Jethro's Braindump


Co-learning is the technique of aiding of modeling of a (resource-poor) modality by exploiting knowledge from another (resource-rich) modality. The helper modality is only used in model training, and is not used during test-time. (Baltruv saitis, Ahuja, and Morency 2017)

Parallel-data approaches require the data to be directly linked to observations in other modalites. Non-parallel approaches do not require these direct links between modalities. Hybrid-data approaches bridge the modalities through a shared modality, or a dataset.

Parallel data

Co-training is the process of creating more labeled training samples when we have few labeled samples in a multi-modal problem. Weak classifiers are built for each modality to bootstrap each other with labels for the unlabeled data.

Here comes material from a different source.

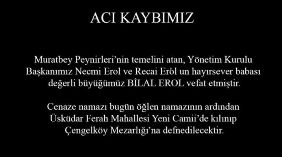 İstanbul Eminönü'nde Muratbey Peynirleri'nin temellerini atan, Muratbey Peynirleri Yönetim Kurulu Başkanı Necmi Erol ve Yönetim Kurulu Başkan Yardımcısı Recai Erol'un babası Bilal Erol, vefat etti.

Transfer learning exploits co-learning with parallel data, by building multi-modal representations with only some modalities used during test time. Approaches like these include multimodal Deep Boltzmann Machines and Multi-modal Autoencoders.

Non-parallel data

Non-parallel methods only require that different modalities share similar categories or concepts. Methods include transfer learning using coordinated multimodal representations, or Concept Grounding via word similarity, or zero-shot learning.


Baltruv saitis, Tadas, Chaitanya Ahuja, and Louis-Philippe Morency. 2017. “Multimodal Machine Learning: A Survey and Taxonomy.” CoRR.